In May, FirstEnergy announced that Jones would be relinquishing his title as president to Steven Strah as part of a succession plan. Jones remained CEO and a member of the board. But the scandal won’t hasten his retirement, he said.
“I think I’ve said that I have made no definitive retirement plans, and it certainly won’t be this year,” he said, adding that he will “do my part to restore the reputation of this company to what it duly deserves.”
Credit Downgrade
FirstEnergy stock price has taken a drubbing since news of the scandal broke, falling about $11/share since the investigation became public.

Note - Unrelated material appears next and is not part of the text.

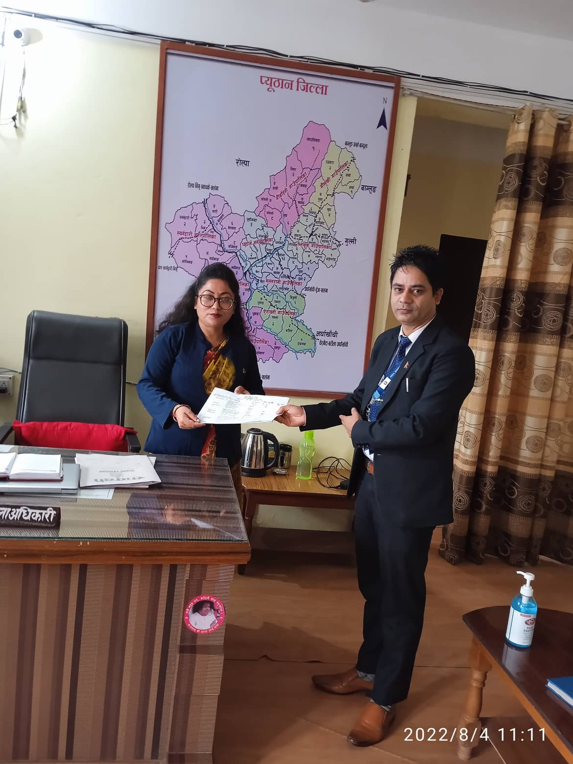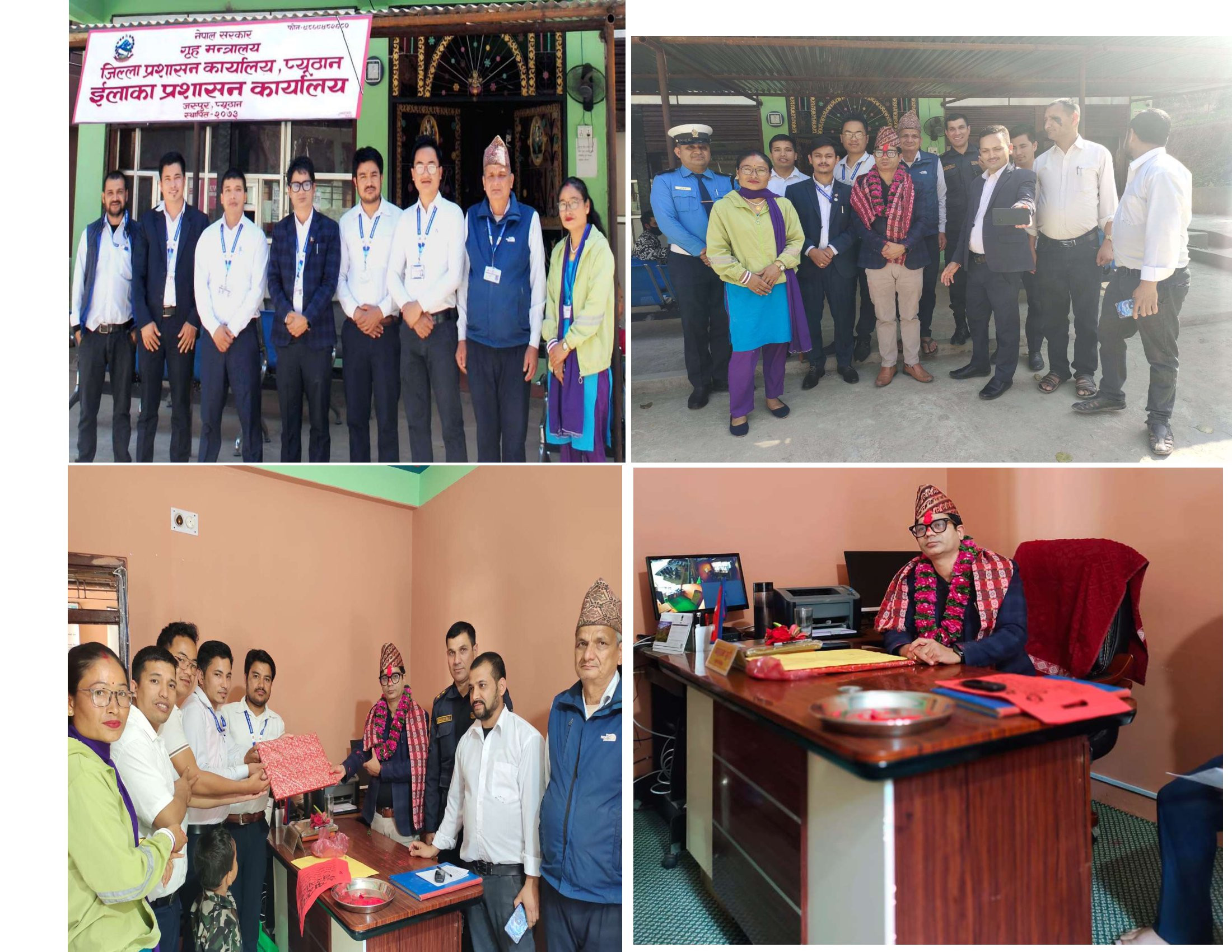 श्रीमान प्रमुख जिल्ला अधिकारी सुनिता नेपालज्यू कार्यालय निरिक्षणको शिलसिलामा एवंम उद्योग बाणिज्य तथा आपूर्ति मन्त्रालय लुम्बिनी प्रदेशका श्रीमान सचिव हेमराज सुवेदीज्यू को कार्यालय भ्रमणको शिलसिलामा ।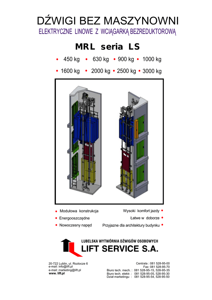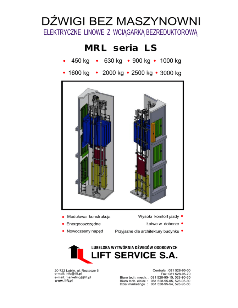 ` DZWIGI BEZ MASZYNOWNI ELEKTRYCZNE LINOWE Z WCIĄGARKĄ BEZREDUKTOROWĄ MRL seria LS 450 kg 630 kg 900 kg 1000 kg 1600 kg 2000 kg 2500 kg 3000 kg Modułowa konstrukcja Energooszczędne Nowoczesny napęd Wysoki komfort jazdy Łatwe w doborze Przyjazne dla architektury budynku 120 20-722 Lublin, ul. Roztocze 6 e-mail: [email protected] e-mail: [email protected] www. lift.pl Centrala : 081 528-95-00 Fax: 081 528-95-70 Biuro tech. mech. : 081 528-95-15, 528-95-35 Biuro tech. elektr. : 081 528-95-05, 528-95-30 Dział marketingu : 081 528-95-54, 528-95-50 Budowa dźwigów bez maszynowni MRL seria LS Wciągarka Ogranicznik Belka nośna Drzwi kabinowe Balustrada Kabina Liny nośne Rama Szafa sterowa Chwytacze Prowadnica Kaseta wezwań Kabel zwisowy Wspornik prowadnic Przeciwwaga Osłona przeciwwagi Drabinka do podszybia Zderzak Obciążka ogranicznika 120 Drzwi przystankowe Program produkcji dźwigów bez maszynowni MRL seria LS Max. 16 przystanków Nr k abina p rę d k o ś ć / u d ź w i g p ro j . V Q/n Sk Gk dr z w i Hk Dk Sd Hd szyb typ Ss 1400 m/s kg/ilość osób mm mm mm szt. mm mm B 01 1 450/6 900 1300 2150 1 750 2000 AT mm B 02 B 03 B 04 B 05 B 06 B 07 B 08 B 09 B 10 B 11 B 12 B 13 B 14 B 15 B 16 B 17 B 18 B 19 B 20 B 21 B 22 B 23 B 24 B 25 1 630/8 1100 1400 2150 1 900 2000 1 630/8 1100 1400 2150 2 900 2000 1 630/8 1100 1400 2200 2 900 1 900/12 1400 1500 2150 1 900 1 900/12 1400 1500 2150 2 1 1000/13 1100 2100 2150 1 1000/13 1100 2100 2150 1 1000/13 1100 2100 1 1600/21 1400 1 1600/21 1400 1 1600/21 1 1600/21 1 ty p Gs P mm mm uw agi N polecane instalacje mm 1670/1700* 1150/1400** 3400 B045AA AT min1650/1700* 1750/1800* 1150/1400** 3400 B063AA budynki m i eszkal ne nowe AT min1650/1700* 1930 1150/1400** 3400 B063AB budynki m i eszkal ne nowe , kab. przel otowa 2000 AT 1780 1930 1200/1400** 3500 B063AP budynki publ i czne i m i eszkal ne, bi ura, 2000 AC 2000 1800 1150/1400** 3400 B090AA budynki publ i czne , bi ura 900 2000 AC 2000 1870 1150/1400** 3400 B090AB budynki publ i czne , bi ura, kab. przel otowa 1 800 2000 AT min1650/1700* 2400 1150/1400** 3400 B100AA budynki i stni ej ace m i eszk. (m ebl owe ) wąski próg 1 900 2000 AT min1650/1700* 2450 1150/1400** 3400 B100AA budynki m i eszkal ne nowe 2150 2 900 2000 AT min1650/1700* 2630 1150/1400** 3400 B100AB budynki m i eszkal ne nowe , kabi na przel otowa 2400 2150 1 1100 2000 AT 2300 2750 1350/1400** 3500 B160AA szpi tal e i stni ej ące 2400 2150 2 1100 2000 AT 2300 2950 1350/1400** 3500 B160AB szpi tal e i stni ej ące , kabi na przel otowa 1400 2400 2200 1 1300 2100 AT 2300 2750 1250/1400** 3600 B160AA szpi tal e nowe 1400 2400 2200 2 1300 2100 AT 2300 2930 1250/1400** 3600 B160AB szpi tal e nowe 2000/26 1500 2700 2300 1 1300 2200 AT 2450 3050 1400 4000 B200AA szpi tal e nowe 1 2000/26 1500 2700 2300 2 1300 2200 AT 2450 3230 1400 4000 B200AB szpi tal e nowe , kab. przel otowa 1 2500/33 1800 2700 2400 1 2000 2300 AC 3100 3100 1400 4300 B250AA towarowy/hi perm arket 1 2500/33 1800 2700 2400 2 2000 2300 AC 3100 3100 1400 4300 B250AB towarowy/hi perm arket, kab. przel otowa 1,6 630/8 1100 1400 2150 1 900 2000 AT min1650/1700* 1750 1500 3600 B063FA nowe budynki m i eszk. i publ i czne ,bi ura , 1,6 630/8 1100 1400 2150 2 900 2000 AT min1650/1700* 1950 1500 3600 B063FB nowe budynki m i eszk. i publ . ,bi ura ,kab. przel ot. 1,6 900/12 1400 1500 2150 1 900 2000 AC 2000 1800 1500 3600 B090FA nowe budynki m i eszk. i publ i czne ,bi ura , 1,6 900/12 1400 1500 2150 2 900 2000 AC 2000 1870 1500 3600 B090FB nowe budynki m i eszk. i publ i czne ,bi ura, kab. przel ot. 1,6 1000/13 1100 2100 2150 1 900 2000 AT min1650/1700* 2450 1500 3600 B100FA 1,6 1000/13 1100 2100 2150 2 900 2000 AT min1650/1700* 2630 1500 3600 B100FB nowe budynki m i eszk. i publ i czne ,bi ura, kab. przel ot. 1 3000/40 2000 2700 2400 1 2000 2300 AC 3300 3100 1400 4300 B300AA towarowy/hi perm arket 1 3000/40 2000 2700 2400 2 2000 2300 AC 3300 3230 1400 4300 B300AB towarowy/hi perm arket, kab. przel otowa do 3000 budynki i stni ej ące m i eszk., oraz nowe BXX do 1,75 OG1 Szczegóły wykonania s zybu ( dźwig nieprzelotowy) przy z astosowaniu drzwi przystankowych ognioodpornych - rysunek różnicowy do projektów podstawowych OG2 Szczegóły wykonania s zybu (dźwig przelotowy) przy z astosowaniu drzwi przystankowych ognioodpornych - rysunek różnicowy do projektów podstawowych dź w ig, k tór y z apr ojek tujem y dla C iebie w g. indy w idualny c h uz godnień Dźwig nieprzelotowy Legenda : Hk Hd Hd Hd A P P Hp Hp Hk N N Dźwig przelotowy A nowe budynki m i eszk. i publ i czne ,bi ura , * - wymiary zalecane przy projektowaniu ** - zalecane wymiary podszybia przy Hp>40 m Hp - wysokość podnoszenia Sk - szerokość kabiny Gk - głębokość kabiny Hk - wysokość kabiny Dk - ilość drzwi w kabinie Sd - szerokość drzwi Hd - wysokość drzwi AT - drzwi teleskopowe AC - drzwi centralne Ss - szerokość szybu Gs - głębokość szybu P - podszybie N - nadszybie B24 i B25 projekty pilotażowe ,max Hp=17 m Uwagi: Gk Gs Ss Sd Ss Sd Sk Sd Gs Sk A - A Gk 120 1. Odbicia lustrzane dopuszczalne 2. Przy zastosowaniu drzwi szybowych o odporności ogniowej należy wprowadzić korekty do wykonania szybu patrz: projekt OG1 i OG2 3. Szczegółowe wytyczne budowlane patrz nr projektu w katalogu “Dźwigi bez maszynowni” na stronie www.lift.pl 4. Podana wysokość nadszybia dla założonej wysokości kabiny 5. Inne konfiguracje dźwigu są możliwe po indywidalnych Uzgodnienach z biurem technicznym Linia zasilająca 5 -cio przewodowa ZASILANIE DŹWIGU max max 2,0 m Linia telefoniczna 2 -żyłowa z zapasem 2 m max 1. Minimalne natężenie oświetlenia winno wynosić: - min. 50 luxów w całym szybie - min. 200 luxów w nadszybiu 2. Rozmieszczenie punktów świetlnych : - max. 0,5 m od dna podszybia - max. 0,5 m od stropu nadszybia - max. 2,0 pomiędzy kolejnymi punktami 3. W podszybiu należy zainstalować gniazdo zasilające 230V 2P+PE 2,0 m Z pionu administracyjnego budynku 3x2,5

Shares closed Friday at $29.48, up $2.08 (8%) on the day, but down more than $12 (29%) from its Monday close. With about 540 million shares outstanding, the losses cost the company about $6.5 billion in market capitalization.
Nevertheless, Jones said the company has “plenty of liquidity” and is not concerned by S&P’s decision to place FirstEnergy on a 90-day credit watch for a potential downgrade.
Jones said that after the arrests, he met with analysts for S&P Global Ratings and Moody’s Investors Service. “I told them they should not put the … integrity of their ratings on the line for FirstEnergy,” Jones said. “But I also told them that we’re the same underlying company that existed before Tuesday [July 21]. We’ve got an improving balance sheet, FFO [funds from operations] to debt that’s moving into the 12 to 13% range. Strong earnings CAGR [compound annual growth rate].
“It’s our job to get this news behind us, and when that happens, I would expect them to restore the rating that’s appropriate,” he added.
Potential Repeal
On Thursday, Ohio Gov. Mike DeWine said the state legislature should repeal H.B. 6 in light of the allegations. (See related story, Ohio Gov. Calls for Repeal of Nuke Bailout.)
Jones said a repeal of H.B. 6’s nuclear subsidies would have no significant impact on FirstEnergy’s finances. Nor, he said, would the company face any liabilities for nuclear decommissioning or coal ash cleanups if Energy Harbor fell into financial trouble. FirstEnergy has a surety bond to cover any coal ash costs, he said.
“There’s no change in our settlement with FES. The plan of reorganization was not contingent on House Bill 6 or any other support for the nuclear plants. There’s no true-ups, any other financial obligations from FE to FES other than what was in our agreement that was approved by the court.
“Last I [heard],” he added “they [Energy Harbor] were sitting on $900 million of cash. … I’m not sitting here at all worried about that part of what used to be part of our company.”